This article describes a generative AI approach to the optimization of complex functional structures (static mixers), with the potential to increase performance and reduce the carbon footprint of a range of different reactions. All four evolved mixers showed better performance than the benchmark CSIRO v2 mixer, which we note was manually designed for the electrochemical reaction we used for our evaluation—this is despite using generic optimisation metrics. The best shapes showed a 45% improvement in copper extracted from solution over a four-hour period, which validates our workflow for this application and as a proof-of-concept indicates this procedure can improve performance of static mixers for a given application. The two representations allow us to explore different regions of the design space of static mixers, with notable differences in terms of surface area and optimisation values. The plug and play nature of our framework makes this simple; the optimisation criteria, evolutionary algorithm, and representation can be freely replaced as required for specific application domains.

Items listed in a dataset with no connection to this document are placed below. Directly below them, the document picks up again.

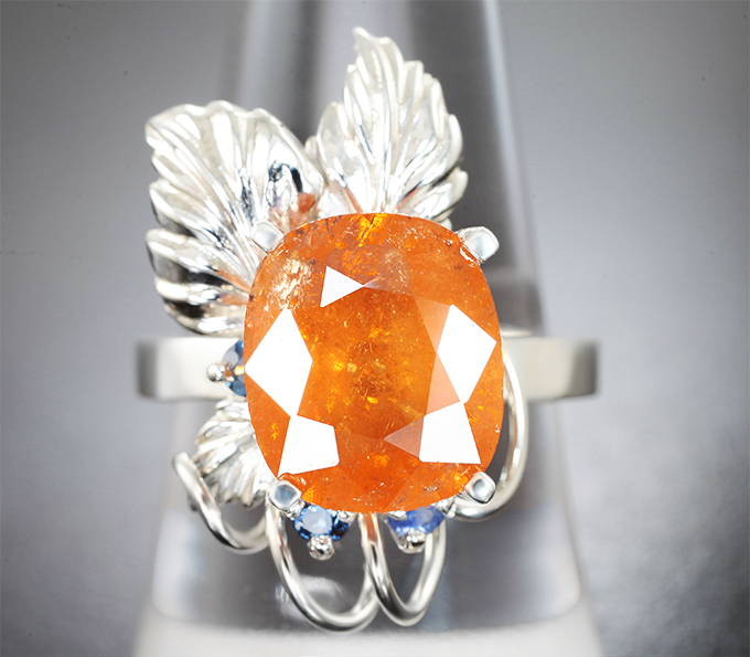Кольцо-трансформер cо спессартином гранатом 6,09 карата и васильковыми сапфирами
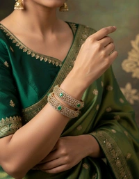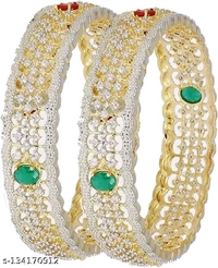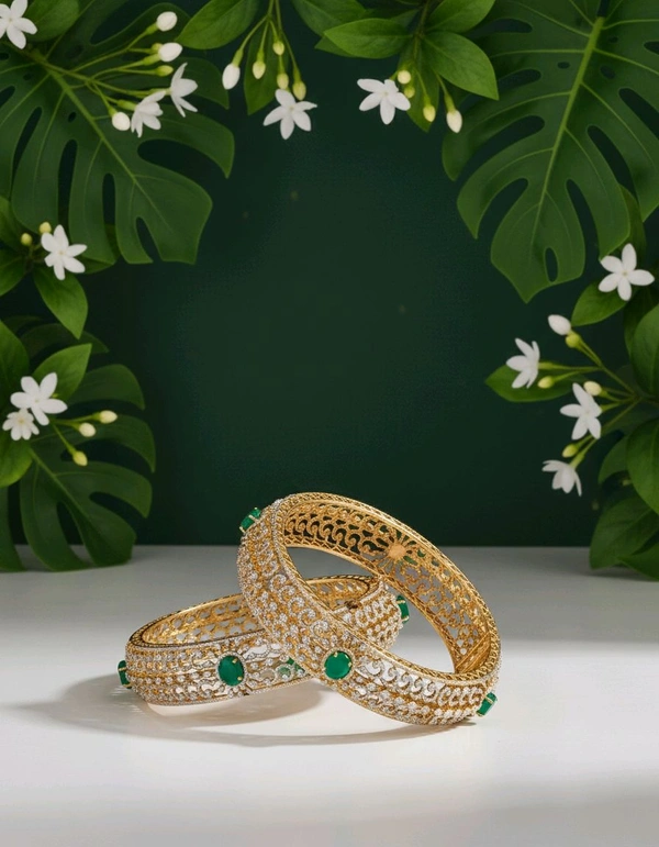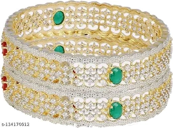 Bracelet & Bangles Name: Bracelet & Bangles Base Metal: Alloy Plating: Gold Plated Stone Type: Cubic Zirconia/American Diamond Sizing: Non-Adjustable Type: Bangle Style Net Quantity (N): 2 Sizes:2.4, 2.6, 2.8, 2.10 Introducing our JSD Gold-Plated Bangle Set, a symbol of radiant elegance and timeless beauty. Exquisitely crafted, these bangles are designed to adorn your
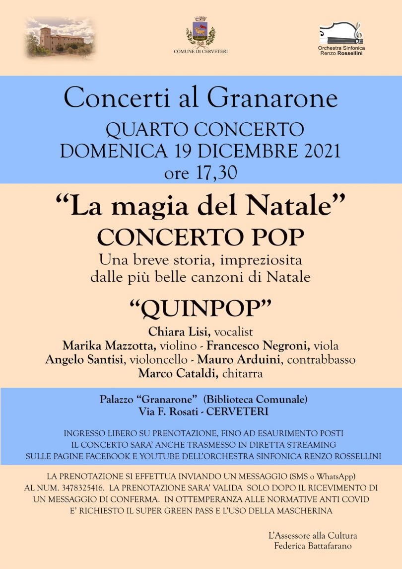 Domenica 19 dicembre alle ore 17:30 presso l’Aula Consiliare del Granarone l’Orchestra Sinfonica Renzo Rossellini porta “La magia del Natale” in musica. Il prossimo appuntamento è con il “Quinpop”, una breve storia impreziosita dalle più belle canzoni di Natale.
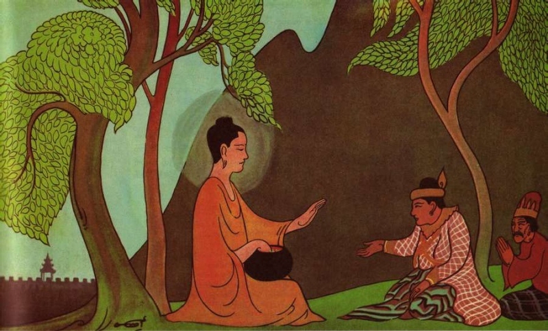 - Sa-môn hãy cùng về với trẫm đi, trẫm sẽ chia cho sa-môn một nửa giang sơn, cả hai ta sẽ cùng nhau cai trị và hưởng phúc. Ít chục năm sau, khi tuổi già, sức yếu, mọi lạc thú trên đời đều đã nhàm chán thì cứ giao lại hết cho trẫm, rồi đi xuất gia cũng chưa muộn gì.

As we generate Pareto fronts, which are libraries of varied solutions, there is significant opportunity to use already-discovered mixer designs for specific application domains without running further evolution. In other words, there is a good chance that we have already discovered mixer(s) within the Pareto fronts that display the required balance of Bulk Mixing and Transport to Substate for a given problem (provided favourable settings for these values are known a priori).

We note some limitations to our approach. First, the reported (simulated and experimental) reactions all occur in the laminar regime. Turbulent flow may be less well-behaved and require further workflow development to create solutions for such regimes, however we note that operating in a turbulent flow regime is not necessarily a precursor to enhanced reaction performance36. Secondly, the 3D printing process also creates fabrication noise, primarily observed as surface roughness, which is a function of the precision of additive manufacturing process employed in the instantiation process. Further investigations are required to assess the effects on performance, as roughness may be beneficial to mixing and it may be preferrable to keep or even induce texture on the mixer’s surface rather than eliminate it through more accurate fabrication processes.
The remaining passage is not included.